** Opening Data section block **

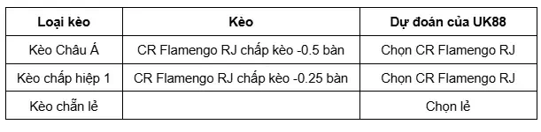 Tỷ lệ kèo hiệp 1: CR Flamengo RJ chấp kèo -0.25 bàn. Lựa chọn: CR Flamengo RJ.
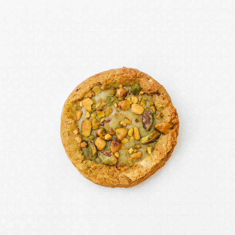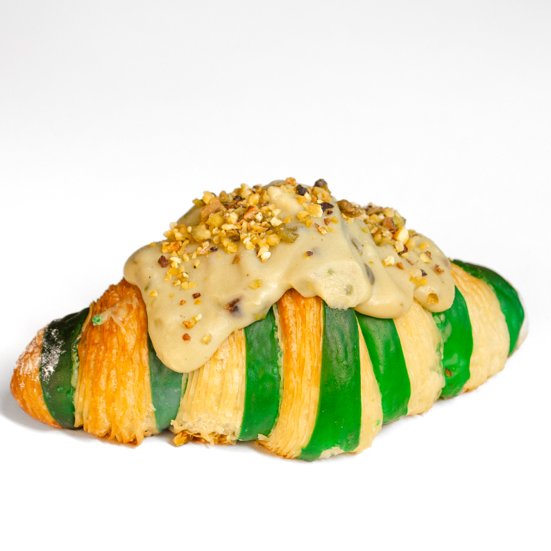 Massa folhada artesanal recheado com creme de pistache, coberto com creme de pistache picado por cima!
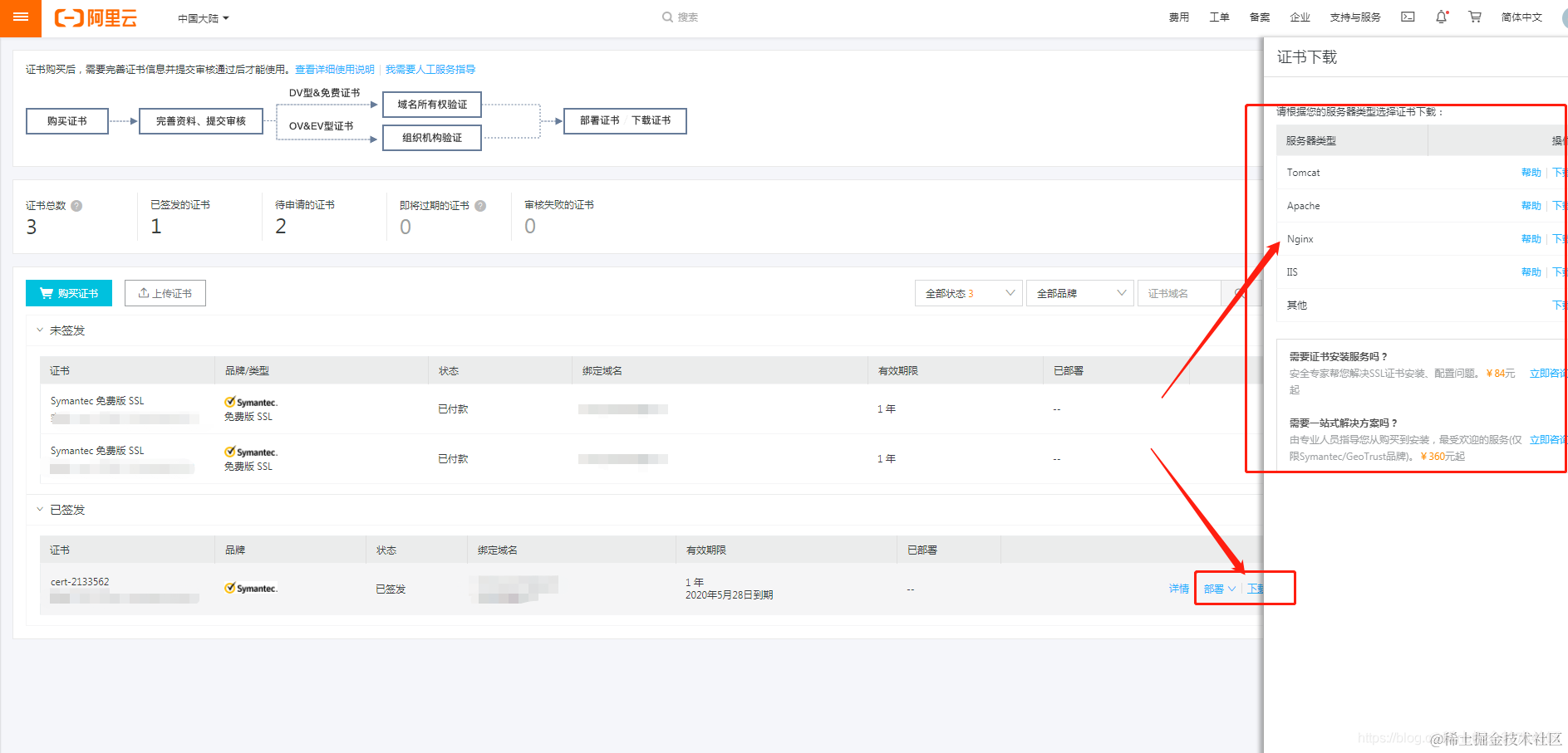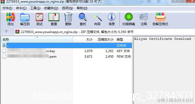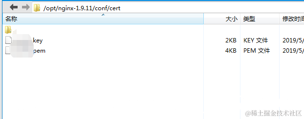 3.将下载下来的压缩包打开,复制里面的文件到服务器nginx配置cert目录下,可以更改名字

** Closing Data section block **

» Requirement
Everything in the listing, except its images, should be set down exactly.

» Result for this task
 Tỷ lệ kèo hiệp 1: CR Flamengo RJ chấp kèo -0.25 bàn. Lựa chọn: CR Flamengo RJ.
 Massa folhada artesanal recheado com creme de pistache, coberto com creme de pistache picado por cima!
 3.将下载下来的压缩包打开,复制里面的文件到服务器nginx配置cert目录下,可以更改名字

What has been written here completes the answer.